Er versucht ein Lächeln. Es gelingt, im Ansatz wenigstens. Dann steckt er das Hemd in die Hose, ohne dabei den schwarzen Ledergürtel zu öffnen. Es ist nicht notwendig, ihn zu öffnen, sein ausgemergelter Körper ist so schmal, dass er bequem eine Hand zwischen Taille und Hosenbund bringt. Nun, da er sich geordnet hat, streicht er über seine eingefallenen Wangenknochen. Er ist kein besonders hübscher Mann, aber auch nicht unansehnlich. Sein labiler Zustand hat ihn gezeichnet, das ist ihm wohl bewusst. Aber seine grünbraunen Augen sind die eines intelligenten Mannes, und sie können einen Menschen allein durch ihren scharfen Blick würdigen oder vernichten. Er ist seit drei Tagen unrasiert und überlegt, ob es verwegen oder verwahrlost aussieht. Ließe er sich einen Bart stehen, wäre dieser wohl schon grau durchsetzt, anders als sein kurzes dunkelblondes Haar, in dem sich nur an den Schläfen ein paar vereinzelte silberne Härchen entdecken lassen.
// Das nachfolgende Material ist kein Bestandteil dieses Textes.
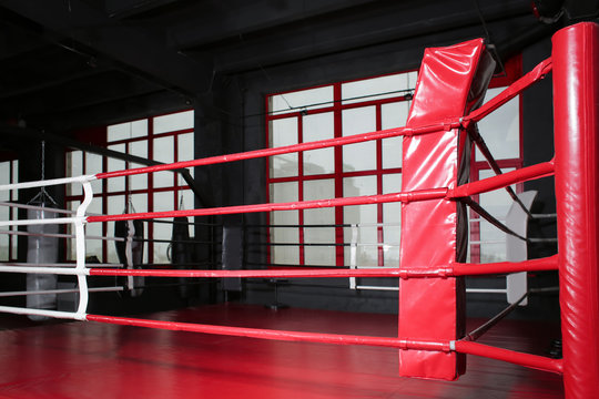 Indoor boxing gym showcases ring with red ropes, punching bags, training equipment, under high ceilings and bright lighting fixtures
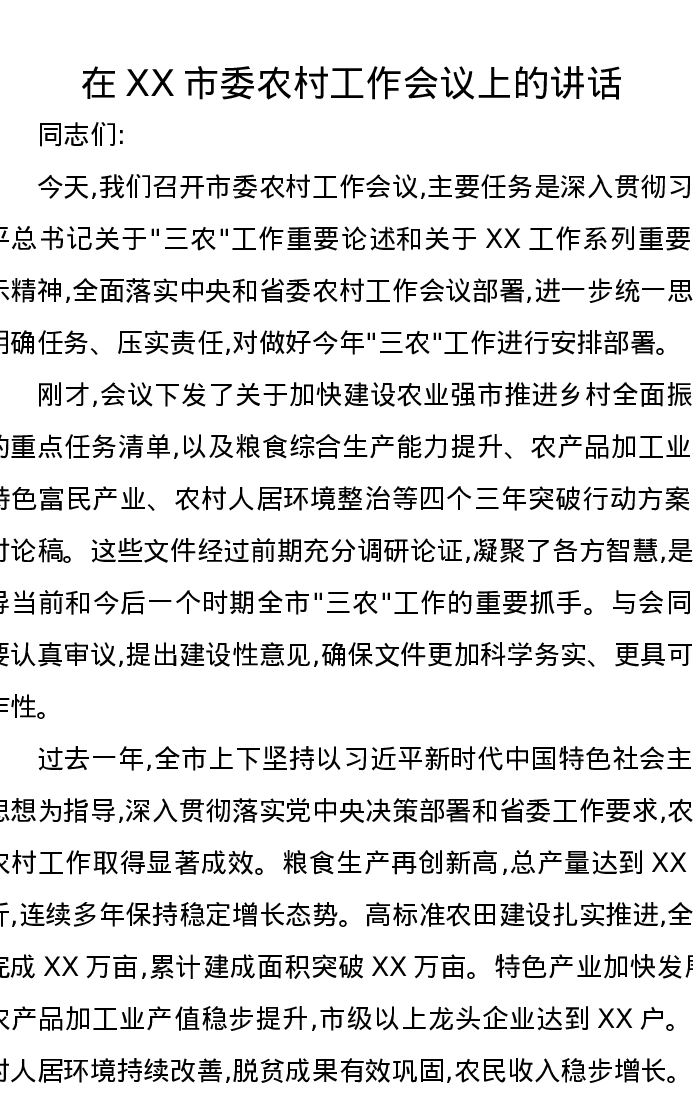 在XX市委农村工作会议上的讲话3
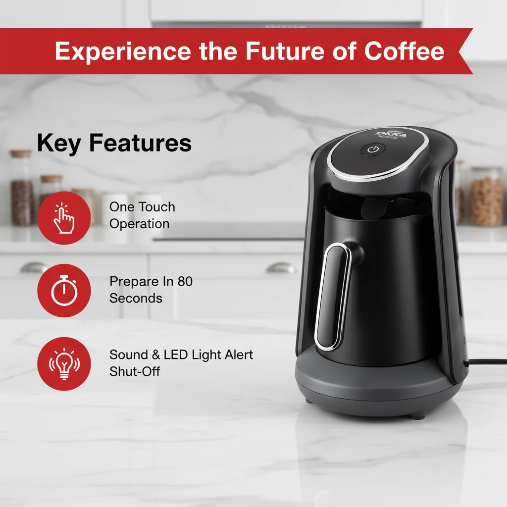 تتميز ماكينة أرزوم أوكا مينيو بقدرتها على تحضير أربعة أكواب في المرة الواحدة. استمتع بفنجان قهوة تركية غنية مثالية في 80 ثانية فقط، إذا كنت من محبي بدء يومك بصحبة أصدقائك أو عائلتك. بفضل تشغيلها بزر واحد، تُعدّ سهلة الاستخدام ومريحة لتحضير فنجان قهوة تركية مثالي. صُممت لتناسب أي مكان في المنزل وتوفر المساحة.
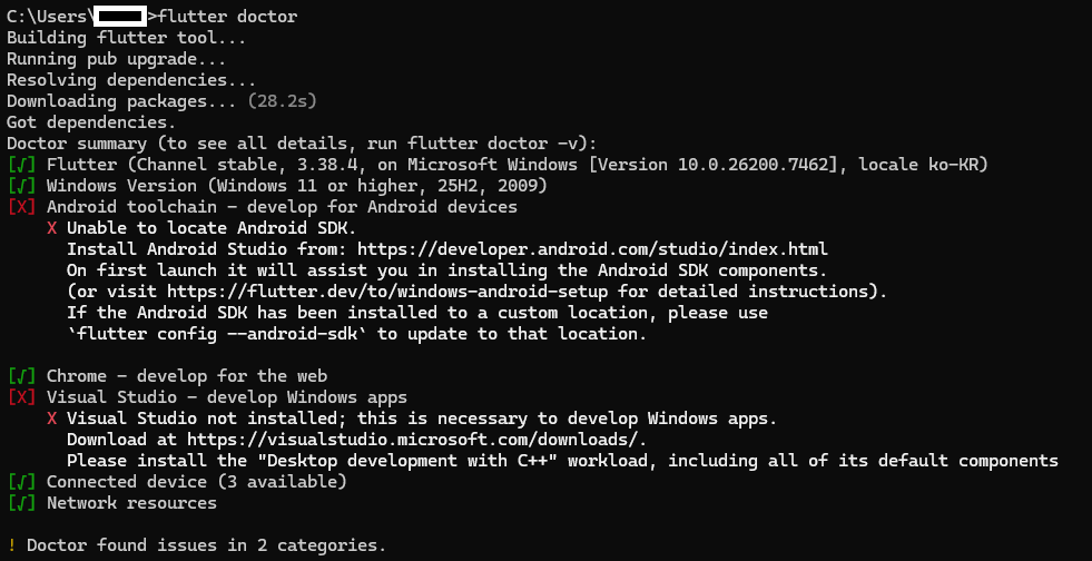 [!] Flutter (Channel stable, 3.38.4, on Microsoft Windows [Version 10.0.26200.7462], locale ko-KR)
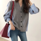 トップス ニットソー セーター カーディガン 袖あり 長袖 Vネック 襟なし ストレート 切り替えデザイン スマート ニット 異素材MIX 大人可愛い きれいめ シンプル カジュアル 大人 上品 おしゃれ お洒落 かっこいい 大人女子 こなれ感 マニッシュ ルーズ 個性的 セクシー 無地 ストライプ 春 秋 冬 20代 30代 40代 レディース 女性用 ママ ビジネス OL 通勤 ホテル レストラン 普段使い モテ S M L XL ゆったり ゆる 黒 ブラック 灰色 グレー | Ritta
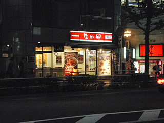 そんなときに目に飛び込んできたのが牛丼店。そういえば代表的な何社かがシノギを削っているし、新宿は馬券売り場や歓楽街といった「男の街」という一面もある。もちろん忙しそうなビジネスマンも多く、ファーストフードの一種として需要は多いのではないだろうか。
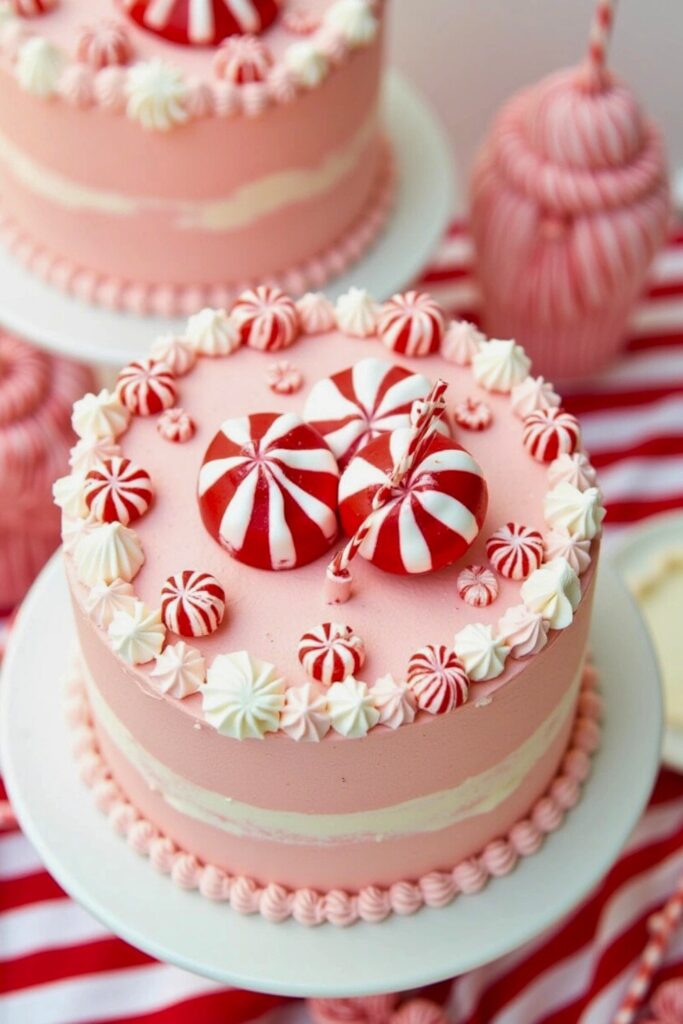 Add peppermint-themed details, like candy cane centerpieces and striped tablecloths. Include pops of green for contrast and hang oversized candy decorations for a playful touch.
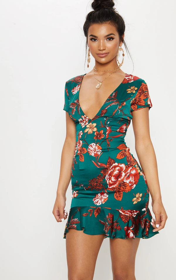 Robe moulante vert émeraude florale volantée avec croisillons au dos
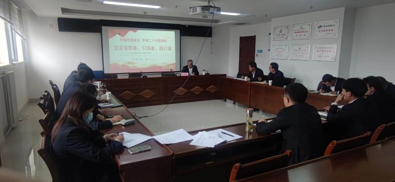 劉新文強調,一是要把學習好、宣傳好、貫徹好黨的二十大精神作為當前和今后一個時期的首要政治任務抓緊抓實抓細,深刻領悟“兩個確立”的決定性意義,當好“兩個確立”的忠誠擁護者、“兩個維護”的忠誠捍衛者,要始終牢記“三個務必”,深入學習黨的二十大報告提出的重大理論觀點、重大目標任務、重大戰略舉措,準確把握報告的豐富內涵、精神實質、實踐要求。二是充分領會習近平新時代中國特色社會主義思想的真理力量和實踐偉力,學會在新形勢、新要求中把握規律和大勢,弘揚偉大建黨精神,抓住時機、順勢而為,扎實推動習近平新時代中國特色社會主義思想和黨的二十大精神入心入腦、落地落實。三是要緊貼崗位結合自身實際,做到知行合一,領導班子及各職能、事業部負責人要進一步明確責任,強化主責意識,對各自主抓的工作進一步細化任務、明確時限、壓實責任,拉清單、建臺賬,抓督導、強推進,確保各項工作高質量完成。四是要以“闖”的精神、“創”的勁頭、“干”的作風,打造一支能打硬仗、清風正氣的干部員工隊伍,爭取達到思想一致、步調一致、方向一致、結果一致的目標效果。在公司發展上抓住機遇,提升公司整體凝聚力,從而達到提質增效的目的。
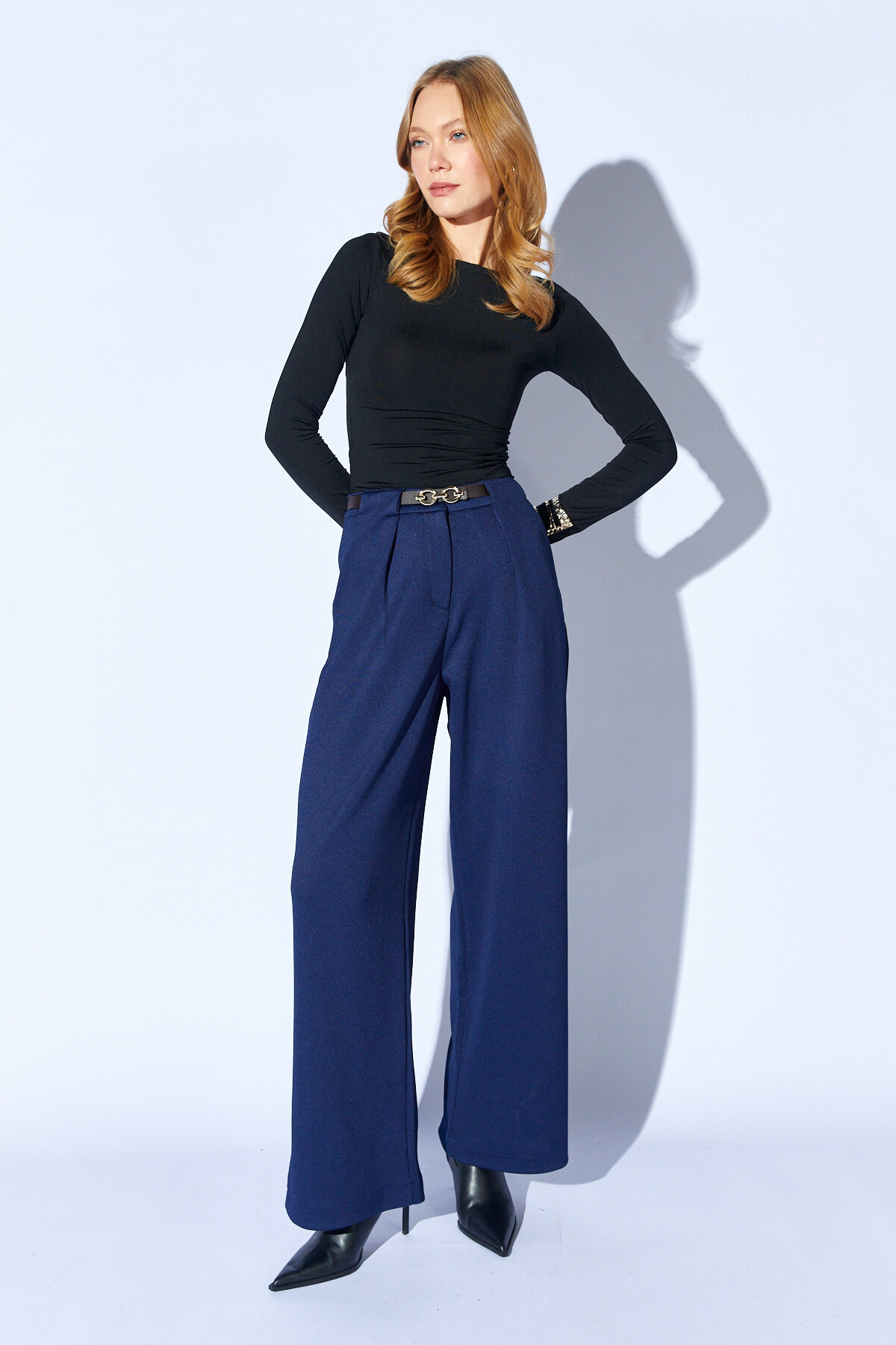 Lacivert İçten Kemerli Pileli Yün Efekt Palazzo Pantolon | MKW669832-01

Die Sonne steht jetzt so tief, dass nur noch ein Drittel über den Dächern der gegenüberliegenden Häuser herausragt. Das warme, intensive Licht vermag selbst dem trostlosen Dach einen Hauch von Idylle zu verleihen. Er schaut auf den mit roten Backsteinen gemauerten Treppenhausausstieg, sieht die schwere graue Stahltür. Er hat sie aufgeschlossen, dann ist er herausgetreten, er weiß es, kann sich aber nicht mehr daran erinnern. Ihm ist, als wäre er auf diesem Dach geboren worden, als hätte er sein ganzes Leben hier verbracht. Allein. Fast allein.

Der alte Mann am Fenster auf der gegenüberliegenden Straßenseite. Ist er noch da? Justus geht zum Rand zurück und schaut hinüber. Ja, dort steht er, immer noch.